13. The programmable IO device of claim 1 , wherein the set of range-based elements is sorted according to a sorting algorithm that receives the set of range-based elements and determines an ordered version of the set of range-based elements according to the global order.
A programmable input/output (IO) device includes a set of range-based elements that are sorted according to a sorting algorithm. The sorting algorithm processes the set of range-based elements to determine an ordered version of the set based on a predefined global order. The global order defines a specific sequence or priority for the elements, ensuring consistent and predictable sorting results. The programmable IO device may include additional features such as configurable input/output interfaces, data processing capabilities, and support for multiple communication protocols. The sorting algorithm may be implemented in hardware, software, or a combination of both, and can be optimized for performance, power efficiency, or other design constraints. The device may be used in applications requiring efficient data organization, such as networking, data storage, or real-time processing systems. The sorting mechanism ensures that the range-based elements are processed in a consistent and deterministic manner, improving system reliability and performance.
14. The programmable IO device of claim 1 , wherein the cache-lines are assembled in the memory unit according to a linear algorithm.
The invention relates to a programmable input/output (IO) device designed to optimize data processing and memory access efficiency.

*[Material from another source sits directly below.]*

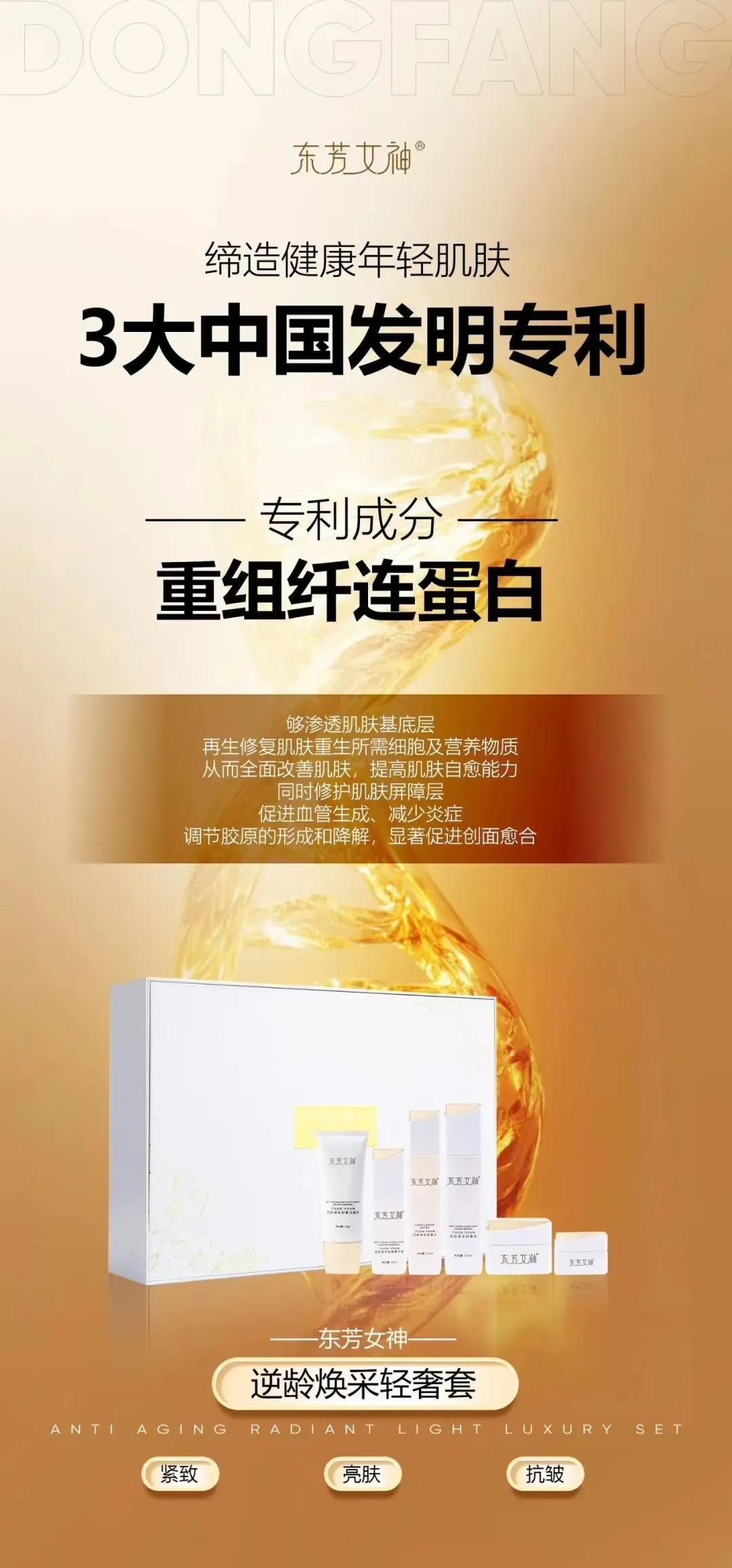 东芳女神逆龄焕采轻奢套以 “缔造健康年轻肌肤” 为核心定位,依托 3 大中国发明专利与重组纤连蛋白核心成分,一站式解决肌肤松弛、暗沉、细纹、屏障受损等问题,实现紧致、亮肤、抗皱多效合一,打造健康年轻的逆龄美肌。

The device includes a memory unit configured to store data in cache-lines, which are organized according to a linear algorithm. This linear assembly method ensures predictable and efficient data retrieval, reducing latency and improving performance in high-speed data processing applications. The programmable IO device is particularly useful in systems requiring fast and reliable data transfer, such as networking equipment, data centers, and real-time processing systems. By structuring cache-lines linearly, the device minimizes the overhead associated with complex memory access patterns, allowing for streamlined data handling. The linear algorithm simplifies memory management, ensuring that data is stored and retrieved in a sequential manner, which is critical for maintaining low-latency operations. This approach enhances the overall efficiency of the IO device, making it suitable for applications where rapid data access and minimal delay are essential. The invention addresses the challenge of optimizing memory access in programmable IO devices, providing a solution that balances performance and simplicity.
15. The programmable IO device of claim 14 , wherein the assembling of the cache-lines in the memory unit does not require memory pointers.

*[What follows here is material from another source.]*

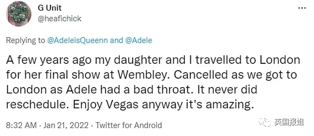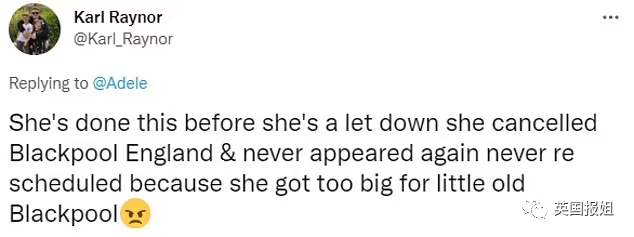 虽然在推特下方,仍然有不少人支持阿黛尔,但是对于已经购票的粉丝来说,这简直是如同晴天霹雳。

16. The programmable IO device of claim 14 , wherein the linear algorithm comprises: selecting, for each of the stages of the Pensando Tree, a first cache-line of the cache-lines as a current cache-line for that stage; initializing the current cache-lines of all of the stages to a respective max value; initializing a default result data of the current cache-line for the last stage with a default result data; and traversing the interval table in ascending order, wherein each entry in the interval table comprises an interval value and a result data, for each traversed entry: when a current-cache line of the last stage is not full, adding the interval value and the result data to the current-cache line for the last stage; and when the current-cache line of the last stage is full: recursively promoting the interval value to a previous stage or stages; updating the current-cache line to represent the cache-line where the next numerically higher interval values will be stored for the previous stage or stages; reinitializing the updated current-cache lines with max values representing the next numerically higher cache-line for that stage; and setting the default result data for the reinitialized current cache-line for the last stage to the result data of the just promoted node.
This invention relates to a programmable input/output (IO) device designed to efficiently process and store interval data using a hierarchical cache structure known as the Pensando Tree. The device addresses the challenge of managing large datasets with interval-based operations, such as range queries or data compression, by optimizing memory access and reducing computational overhead. The Pensando Tree is a multi-stage cache system where each stage stores cache-lines of interval data. The linear algorithm described organizes this data by selecting a starting cache-line for each stage and initializing all cache-lines to a maximum value. The last stage's cache-line is further initialized with default result data. The algorithm then processes an interval table in ascending order, where each entry contains an interval value and associated result data. During traversal, if the last stage's cache-line is not full, the interval value and result data are added directly. If the cache-line is full, the interval value is promoted to a previous stage, updating the current cache-line for that stage to the next numerically higher cache-line. The promoted stage's cache-line is reinitialized with max values, and the default result data for the last stage is set to the result data of the promoted interval. This recursive promotion ensures efficient data distribution across the tree structure, optimizing storage and retrieval operations. The method improves performance by minimizing cache misses and reducing the need for frequent memory access.
17. The programmable IO device of claim 16 , wherein the first cache-line stores a numerically lowest interval value.
The invention relates to a programmable input/output (IO) device designed to optimize data processing in computing systems. The device includes a cache-line storage mechanism that stores interval values used for data management. Specifically, the device is configured to store a numerically lowest interval value in a first cache-line, ensuring efficient access and processing of data intervals. This design helps in reducing latency and improving performance by prioritizing the smallest interval value, which is often critical for real-time data operations. The programmable IO device may also include additional cache-lines for storing other interval values, allowing for flexible and scalable data handling. The device is particularly useful in systems requiring precise timing and synchronization, such as high-frequency trading, real-time analytics, and embedded control systems. By storing the lowest interval value in a dedicated cache-line, the device minimizes search time and enhances overall system efficiency. The programmable nature of the IO device allows it to be adapted to various applications, ensuring optimal performance across different computing environments.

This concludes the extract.